東京五輪招致に思わぬ障害 イルカ猟をする国は五輪ホストに相応しくない

2020年夏季五輪の東京招致に関して、IOCの評価委員会が来日した。
この来日を契機にして世界中でちょっとした反日行動が起きている。

2009年に世界中で公開された米国映画に『ザ・コーヴ』(The Cove)というドキュメンタリーがあった。
ルイ・シホヨスという監督が、和歌山県太地町で行われているイルカ追い込み漁を批判的に描いた作品だ。
シホヨス監督が2005年に設立した環境保護団体が製作し、同年10月から08年9月にかけて撮影された。
太地町では主に7人のスタッフが、町の制止を無視してカメラを回した。クライマックスの漁師たちがイルカを殺し、血で海が赤く染まるシーンに、漁師たちは撮影を拒絶したという。
これに対し撮影クルーは、夜間入り江に忍び込み、隠しカメラを設置し、現場の撮影に成功したという。
この作品が、2009年度第82回アカデミー賞長編ドキュメンタリー映画賞など数々の賞を受け、世間の注目を集めることになり、この作品を通じて日本人がイルカを乱獲しているという印象が世界中に流布された。

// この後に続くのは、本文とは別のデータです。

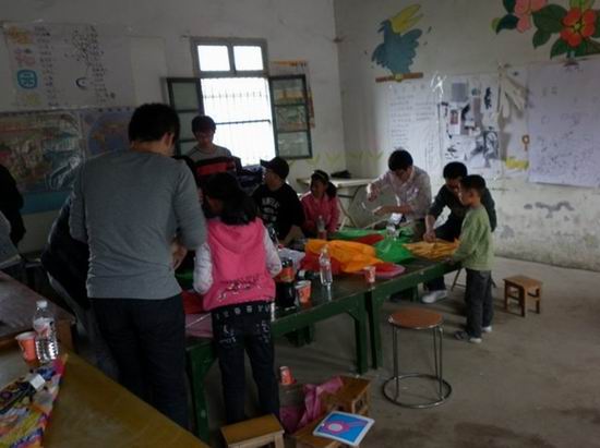 4月8日上午,计算机科学与技术08-1班党支部罗长志等十二名党员同学,带着竹篾、彩布等做风筝的材料,以及炽热的心,来到肥西县上派镇方岗村,希望给当地的孩子带去承载梦想的翅膀--风筝,用自己的双手,把梦想放飞到远方。虽然才刚过正午,但孩子们就已经在方岗村活动室玩耍起来了。没有课的周末,或许只有活动室伙伴们之间的互相陪伴,才能平静孩子们心中那颗想念父母的心。

世界での公開が2009年、日本での公開が2010年で、ほとんどこの映画の存在は、忘れかけていた。
ところが、この映画に刺激を受けた人たちが、いきなりその標的を五輪招致に向けたのだ。
先週、日本人のイルカ猟を問題視する環境団体は、世界21カ国42都市で、東京の五輪招致に反対するキャンペーンを始めた。
ロゲ会長を初めとするIOC委員には、
「日本人のイルカ猟の方法は残酷で非人道的であり、虐殺に等しい。こうした行為は五輪憲章に相反し、環境問題が懸念される国は、五輪開催国に相応しくない。」
といった書簡を送りつけている。

先進国が五輪招致をする際に、環境団体が反対することは多く見られる。
例えば、長野五輪の際もそうだ。滑降コースがなかなか決まらなかった。
彼等はIOC委員の携帯メールのアドレスまで調べ上げ、朝に晩にメールを送り付け、徹底的に招致の邪魔をするケースもあるが、今のところその段階までは至っていないようだ。

イルカ猟自体に全く問題がないとは思わないが、それと五輪招致がどうして結びつくのか。
では、闘牛の盛んなスペインのマドリードは、五輪のホストに相応しくない、とならないのだろうか。